Linear Algebra Functions That Nobody Asked For, But Here They Are.
Originally, I wrote these functions to verify some linear algebra exercises. As the number of functions grew, I created this repository. The functions are not efficient (it's plain R-code) nor have they been thoroughly tested. Besides, all these functions have been implemented more efficiently in other packages or even in base R. It is just a fun exercise for me to get a better understanding of linear algebra.
- The singular_value_decomposition function does not work correctly as the eigenvectors produced by R have a random sign, thus the matrix product PDQ^-1 (corresponds to UΣV^-1) does not reconstitute A. Solution: Implement sign-flip function from https://digital.library.unt.edu/ark:/67531/metadc900575/m2/1/high_res_d/920802.pdf.
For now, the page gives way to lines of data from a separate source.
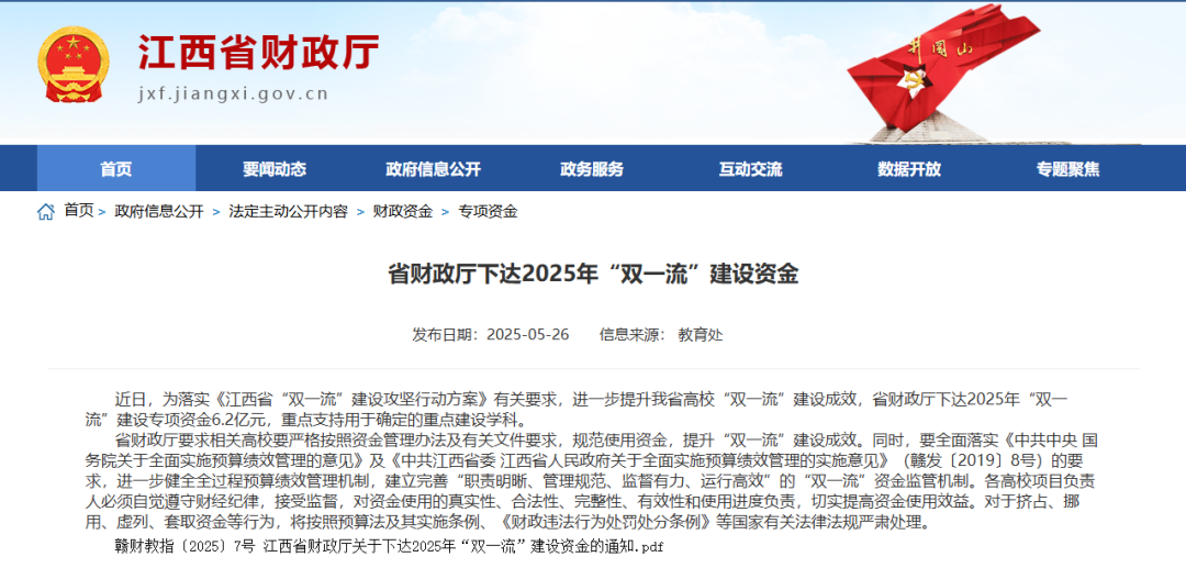 近日,为落实《江西省“双一流”建设攻坚行动方案》有关要求,进一步提升我省高校“双一流”建设成效,省财政厅下达2025年“双一流”建设专项资金6.2亿元,重点支持用于确定的重点建设学科。
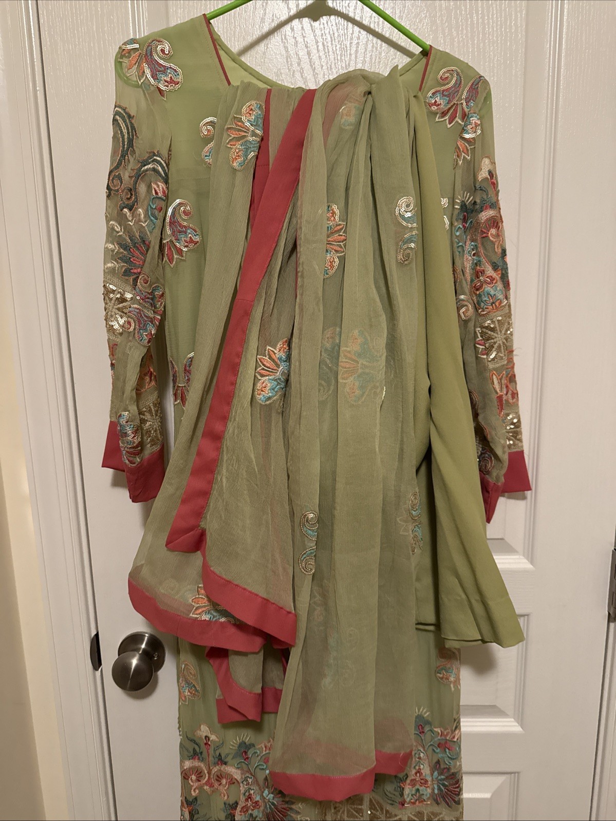 Shalwar Kameez 3 Piece Women s Pakistani Indian Green Pink Paisley 36 Inch Chest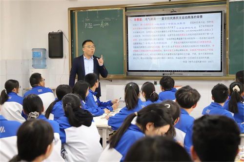 君子知教之所由兴,以生为本。随着“双新”教育教学改革持续深入开展,教师们的教育观念、学生观念也发生了相应的变革,本次送课活动的课堂都深刻地体现了学生为中心的教育理念,强调了立德树人的总目标,并以学科素养为指向,让学生课堂学习真正发生。路晓沛老师的《登岳阳楼》、《念奴娇·过洞庭》诗歌联读课引导学生由画入境,吟咏诗韵,领略两位诗人在个人极度悲苦的身世中仍保持的“位卑不敢忘忧国”的家国情怀。安宾宾老师在高一历史《亚非拉民族民主运动的高涨》一课中,以“驱散帝国主义的阴霾”为主线分为风起云涌、步履维艰、声震环宇三个篇章,生动展现了两次世界大战期间亚非拉人民争取民族独立和民族解放并进行民主改革的波澜壮阔的历程。娄新宛老师在《基因表达与形状的关系》一课中引入学生生活中常见的场景,利用图片和视频相结合的形式,引导学生学会寄予实验证据进行综合概括的思维方法。

Reduced row echelon forms for centering matrice, probably due to floating point errors. No, but it works now.The rref function does not return the reduced row echelon form, since it does not set free variables, which are located above a pivot to zero. Solution: Repeat Gaussian Elimination for free variables.The generalized_inverse function, I am still trying to find a way to find a nonsingular matrix in A without using the builtin function qr. Once rref works fine, this can be used to find rank r and consequetnly to find a submatrix by checking, which rxr submatrix has a determinant > 0.Once rref works, rewrite rank_Matrix.
- create_basis: Create a set of linear independent vectors that span a real vector-space.
- is_pos_def: Checks whether a matrix A is positive definite.
- mat_pow: Calculate powers of some matrix A.
- canonical_form: Compute the decomposition of a matrix A into UDU^-1, where U is the matrix of eigenvectors and the diagonal matrix D, the similar canonical form, containing the eigenvalues of A.
- fast_exp: Fast exponentiation using the similar canonical form.
- lin_dep_Cautchy_Schwartz: Checks for the Cautchy-Schwartz-Inequality between two vectors or between rows/cols of matrix to check for linear dependence.
- adjugate: Creates an adjugate matrix of some matrix A.
- generalized_inverse: Create generalized inverses of any matrix A. Needs more testing.
- check_Penrose_cond: Check for the four Penrose condition for matrix inverses, i.e. A = AMA, M = MAM, AM = (AM)^T, MA = (MA)^T
- inverse: Creates an inverse of a nonsingular matrix A.
- orthogonalize: Create an orthogonal matrix from some matrix A. Used for my SVD implementation (computations of AA^T and A^TA).
- rank_matrix: Compute rank of matrix.
- singular_value_decomposition: Does not work yet, I need to solve the problem of the sign ambiguity of eigenvector calculations.
- find_zero_vectors: Find zero-vectors in a matrix using vector norm.
- ref: Reduce some matrix A to row echelon form. Used for rank_Matrix, because its quicker than rref.
- rref: Reduce some matrix A to reduced row echelon form. Validated to some extent... Needs more testing.
- plot_eigenvec: Plots eigenvalues of a 2x2 matrix.
- plot_matrix_transformation: Plots vectors x and y as in Ax=y, where A is 2x2.
- compare_floats: Compare equality of floats. Principle: Compare absolute difference of two floats to a tolerance value (default = 1e-06).
- swap: Swap rows in a some matrix A. Used in rref.
- add_to_bottom: Add rows to the bottom of a matrix A. Used in rref.
- col_is_all_zero: Check (TRUE/FALSE) whether a column is all zeros. Used in rref.
- gaussian_elimination: Performs Gaussian elimination on non-zero rows of a matrix. Used in rref.
- swap_zero_vectors: Combination of find_Zero_Vectors and add_to_bottom used to rearrange rows in rref.
- remove_parallel_vectors: Remove parallel vectors (rows or cols) in a matrix based on the Cautchy Schwartz Equality. Used in rref.